We are given an reference example $4.25$ and we have to setup a system of equations and solve them.

The problem will be: Peter has a pocketful of quarters and dimes. The total value of the coins is $$3.80$. The number of quarter is $4$ less than twice the number of dimes. How many quarter and how many dimes does Peter have?
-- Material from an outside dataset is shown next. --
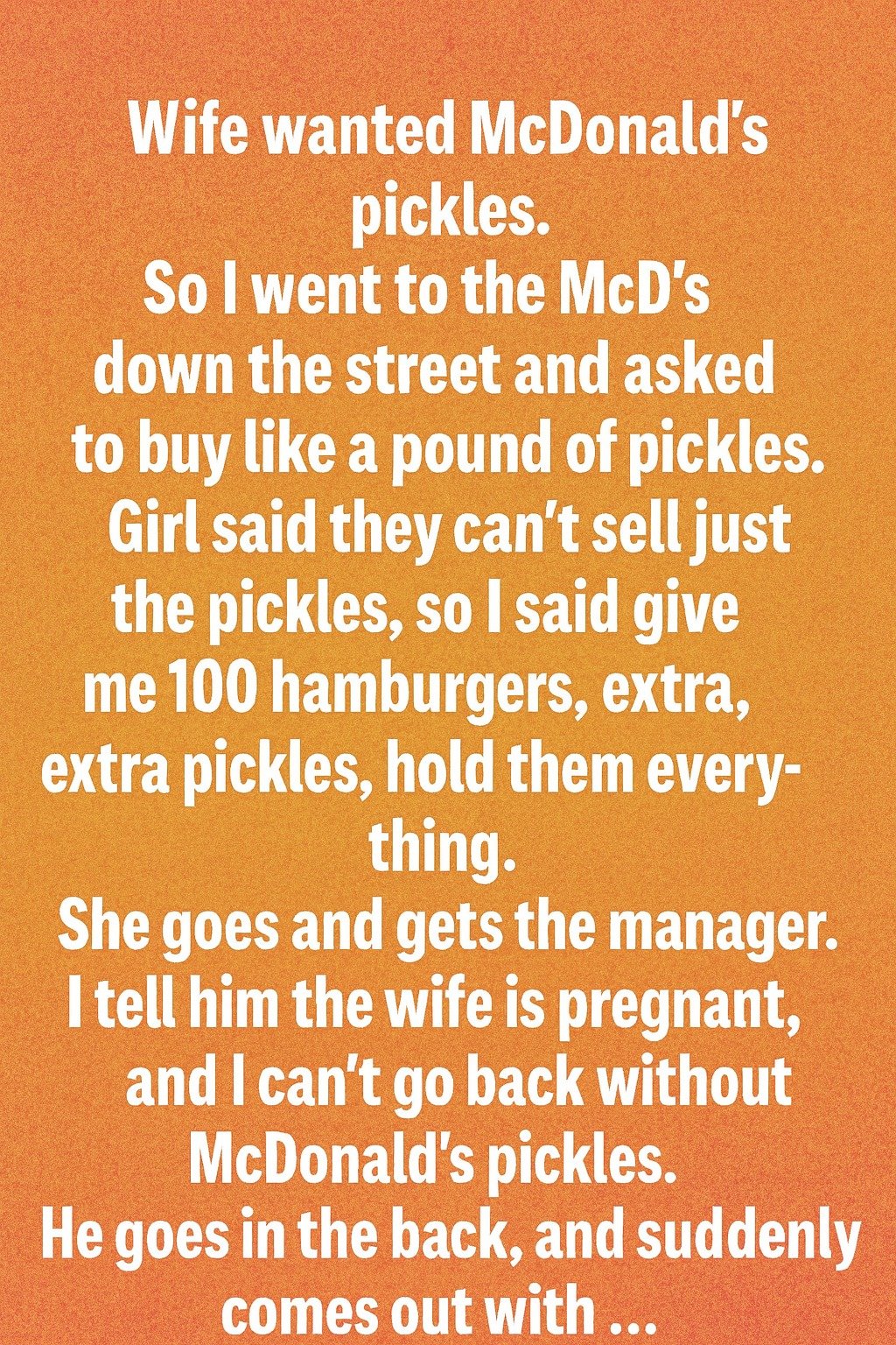 I left, feeling a mix of frustration and determination—I didn’t want to go home empty-handed. Determined to make her happy, I jokingly told the cashier, “Okay, give me 100 hamburgers with extra pickles, hold everything else.” She looked confused and went to fetch the manager. I explained the situation: “My wife is expecting, and she’s been craving McDonald’s pickles.

Let $x$ and $y$ be the number of quarter and dimes,

So, the system of equation will be,

$$\begin{gathered} x=2y-4 -\left(1\right) \\ 0.25x+0.10y=3.80 -\left(2\right) \end{gathered}$$

Putting the value of $x$ in second equation, we get

$$\begin{gathered} 0.25x+0.10y=3.80 \\ 0.25(2y-4)+0.10y=3.80 \\ 0.50y-1+0.10y=3.80 \\ 0.60y=4.80 \\ y=\frac{4.80}{0.60} \\ y=8 \end{gathered}$$

Putting the value of $y$ in first equation, we get

$$\begin{gathered} x=2y-4 \\ x=2\left(8\right)-4 \\ x=16-4 \\ x=12 \end{gathered}$$

Hence the number of dimes is $8$ and number of quarter is $12$. 

Putting the value of $x,y$ in the second equation, we get

$$\begin{gathered} 0.25x+0.10y=3.80 \\ 0.25\left(12\right)+0.10\left(8\right)=3.80 \\ 3+0.80=3.80 \\ 3.80=3.80 \end{gathered}$$

This is true, hence the solution is correct.